Can you make dry milk at home?


----------



## MaryV (Jan 31, 2009)

I found a site where I can buy oxygen absorbers. I can put those in the top of each jar of milk and potato flakes, that should keep them good. mason jars are kept in the boxes they came in keeping them dark, and i do have a/c so I will keep the apt cool in the warm weather. I realise I can store a lot of food in this apartment. I would be fine for a long time now as long as there is water and electric. But I cant yet worry about that, first I am storing food.

I dont yet have one of those foodsaver vacuum sealer thingys...I was looking at them on a website here in Canada and there are many kinds of them, plus attachments for sealing lids on jars, some of these items are on sale so I am considering whether to make one more financial investment and buy it. that would make it possible to seal the mason jar lids on with an airtight seal. but wow, I am spending a lot, lol. But it is an investment. my daughter and her family they arent storing food or saving anything, so I am doing it for us all. Maybe I will ask her for a donation towards OUR food storage, since my food storage will also be theirs...


----------



## MaryV (Jan 31, 2009)

I dont think you can make powdered milk at home, not sure, but never heard of any way to do that.


----------



## The_Blob (Dec 24, 2008)

MaryV said:


> I dont yet have one of those foodsaver vacuum sealer thingys... I was looking at them on a website here in Canada and there are many kinds of them, plus attachments for sealing lids on jars, some of these items are on sale so I am considering whether to make one more financial investment and buy it. that would make it possible to seal the mason jar lids on with an airtight seal. but wow, I am spending a lot, lol.
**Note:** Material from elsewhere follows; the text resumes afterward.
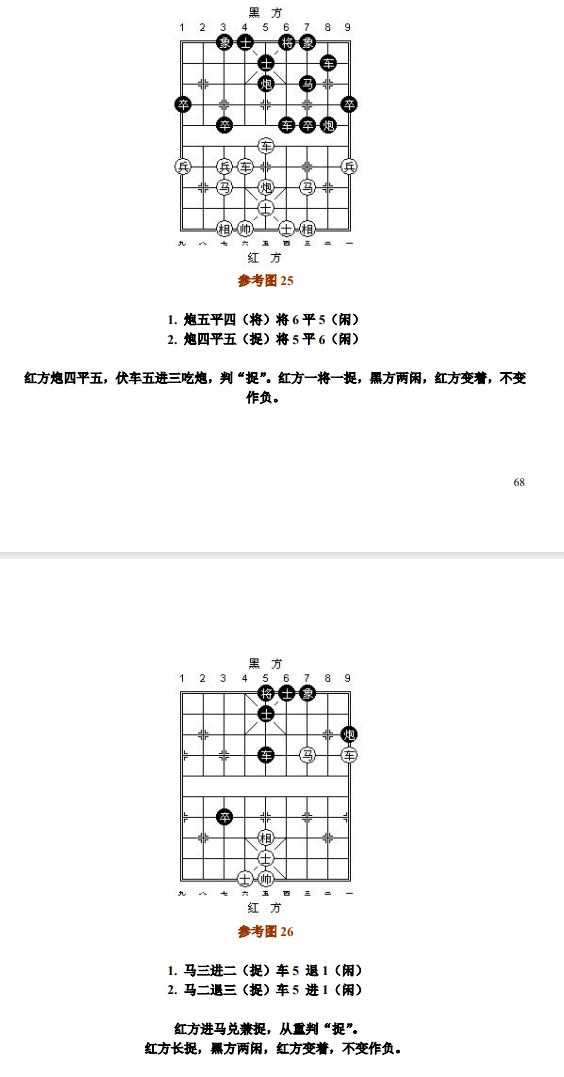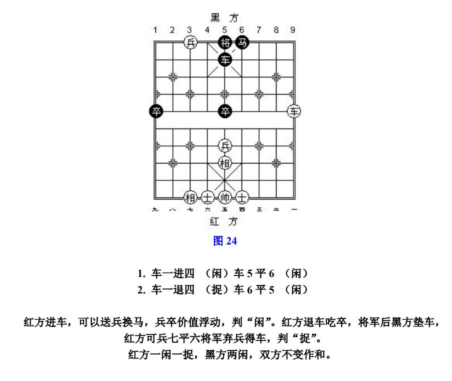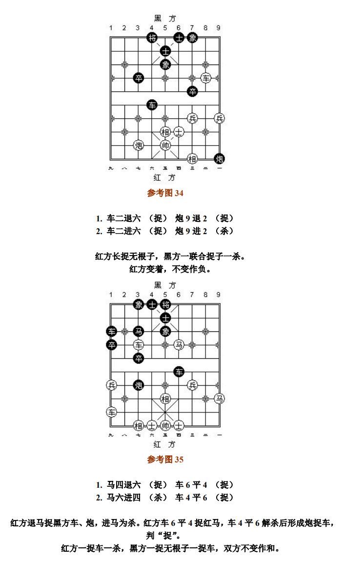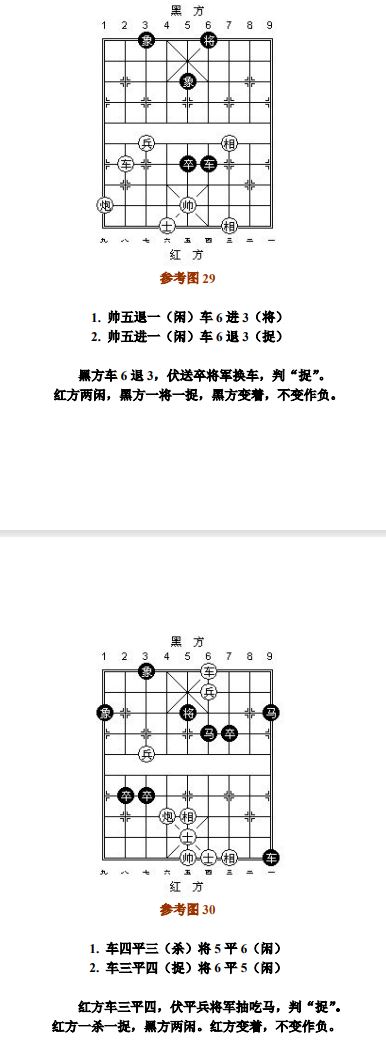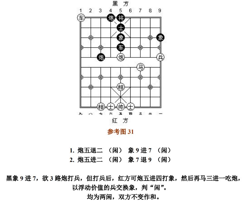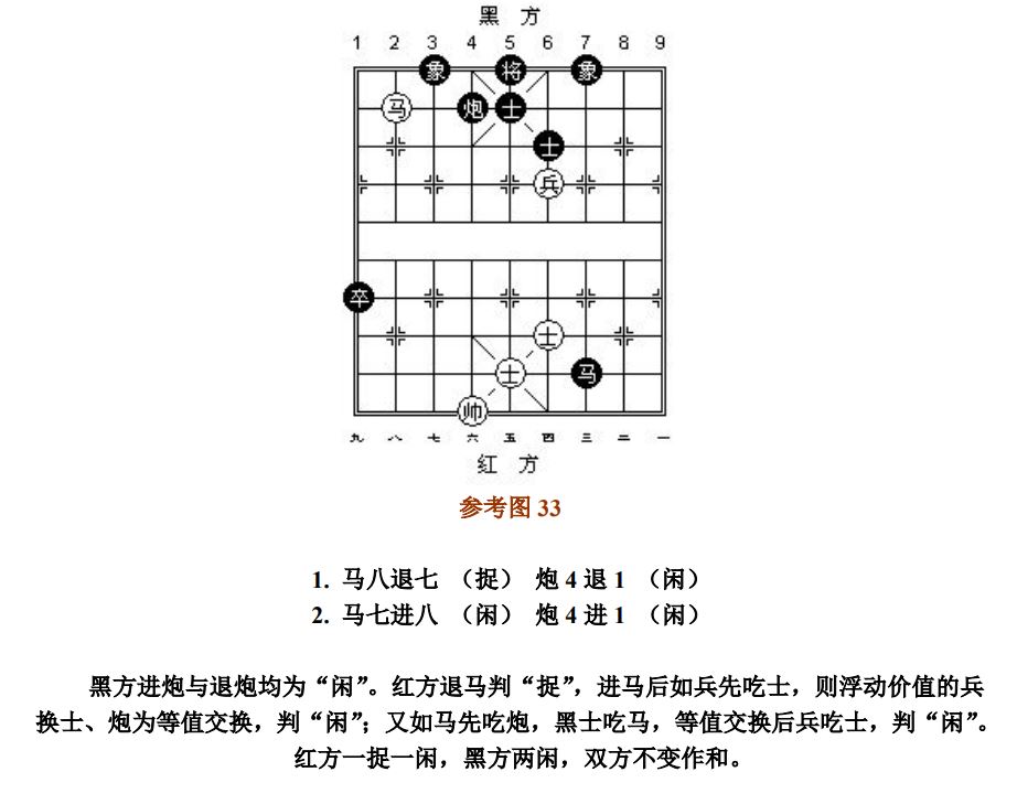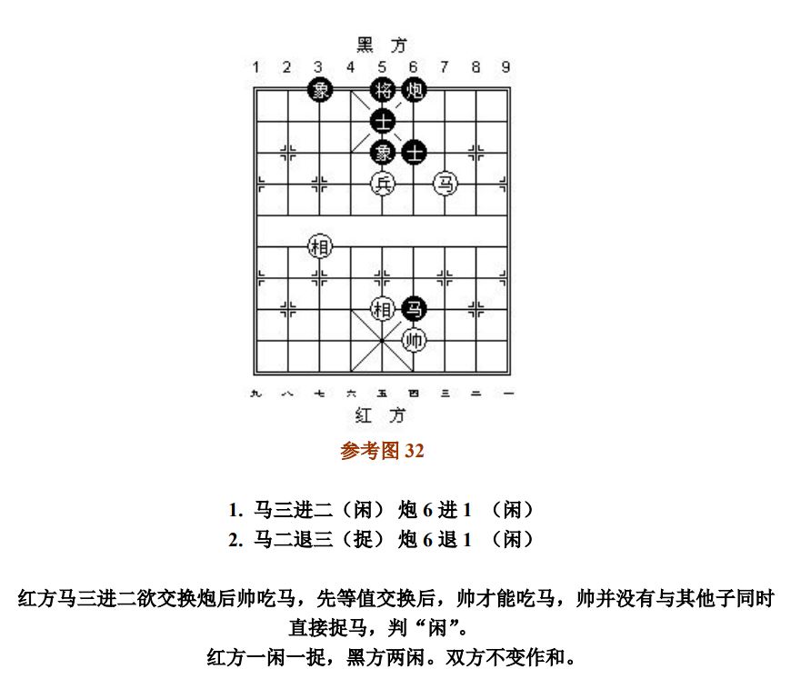 26.8 兵(卒)借其他子抽吃对方的子,按"闲"处理;兵(卒)吃子的产生其他子"将军",按"捉"处理。其他子完成互吃等值交换过程后,兵(卒)或帅(将)的最后吃子,按"闲"处理。如前述交换过程为不等值,或兵(卒)、帅(将)与其他子共同擒捉的是对方同一个子,则兵(卒)或帅(将)的最后吃子,按"捉"处理(参考图32~参考图33)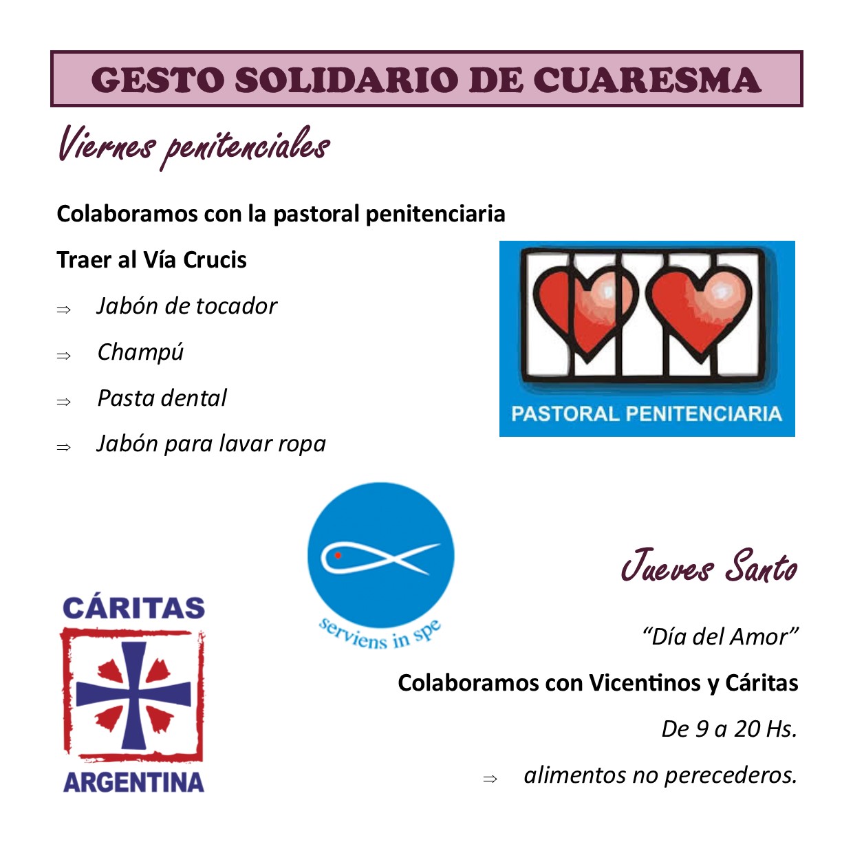 1. Trayendo al viacrucis donativos para la Pastoral Penitenciaria (jabón de tocador, champú, pasta dental o jabón para lavar ropa).

You can buy the mason jar attachment for about $10 & then attach an automotive brake 'bleeder' hand pump (for $20) to vacuum out the air @ 25-30 psi (it has a gauge), if you don't feel like shelling out $100+ for a food vac.


----------



## nj_m715 (Oct 31, 2008)

The_Blob said:


> You can buy the mason jar attachment for about $10 & then attach an automotive brake 'bleeder' hand pump (for $20) to vacuum out the air @ 25-30 psi (it has a gauge), if you don't feel like shelling out $100+ for a food vac.


Blob, are you talking about something like this ?FoodSaverÂ® Wide Mouth Jar Sealer
Can I use this to seal the lid on a jar and than remove the adapter or does it become the lid and stay on the jar? The web page doesn't say. Thanks


----------



## MaryV (Jan 31, 2009)

as far as I know, that fits over a jar with its own lid, seals it, then you remove it and the jar is sealed.


----------



## nj_m715 (Oct 31, 2008)

Yes, thank you. I found a video on youtube that showed how to use it. They even reused regular glass jars by putting the whole jar into a vacuum canister and evacuating it. They put on the lid and left it just alittle loose. The vacuum would suck down the lid and seal. They pushed the tamper button to see if it held. Great idea! I have recycled tons of jelly and pickle jars. Now I need to keep'em


----------



## MaryV (Jan 31, 2009)

I just bought a foodsaver with all the attachments. I got it on sale half price so it was worth the buy. I wish now i had saved all my spaghetti sauce jars and jam jars, but I can check around my apt bldg see if others have any they dont want. plus i have lots of mason jars. I just found macaroni on sale so i bought up a bunch of it and will vacpac it all up.


----------



## NaeKid (Oct 17, 2008)

MaryV said:


> I have stored my powdered milk in mason jars and kept in the dark. do you think it will keep for a few years? also i have instant potato flakes in mason jars. i am hoping they will both store like that for a while. Problem with this is that i have a few stacks of mason jar boxes now and they seem heavy and maybe there is a better way to store these items. I have been busy the past few days putting these jars up. I also am doing the butter in jars. I am getting quite a stash in just a short time, its kinda fun...


I use my dry-milk weekly. I use some "older" TupperWare containers (Flour, Suger, Coffee, Tea) that I fill with my dry-goods. White flour in one. Brown flour in one. Dry milk in one. The fourth one I don't think that I am using. I have a large glass-jar from a restaurant that I used to work at filled with sugar (for baking) and Ikea counter-top jars for the rest of my regularly used dry-goods (noodles, sugar, etc)

Leavin' the dry-goods in the original packages is generally the best idea. The manufacture will "dry-seal" the packages with nitrogen after sucking out all the atmosphere. That is why packaged products have such a long shelf-life vs. just trying to get all the air out (which is virtually impossible with your standard "home grade" vac-sealer).


----------



## JW Parker (Oct 18, 2008)

When you are pulling a vacuum on a glass jar, What should the vaucum pressure gague read at the point you make the seal ???

I'm having a real problem getting the lid off the jar and the jars seem to be much easier to break. I broke two jars trying to get the lids off. Had to punch a hole in the lid to get it off the third jar.


----------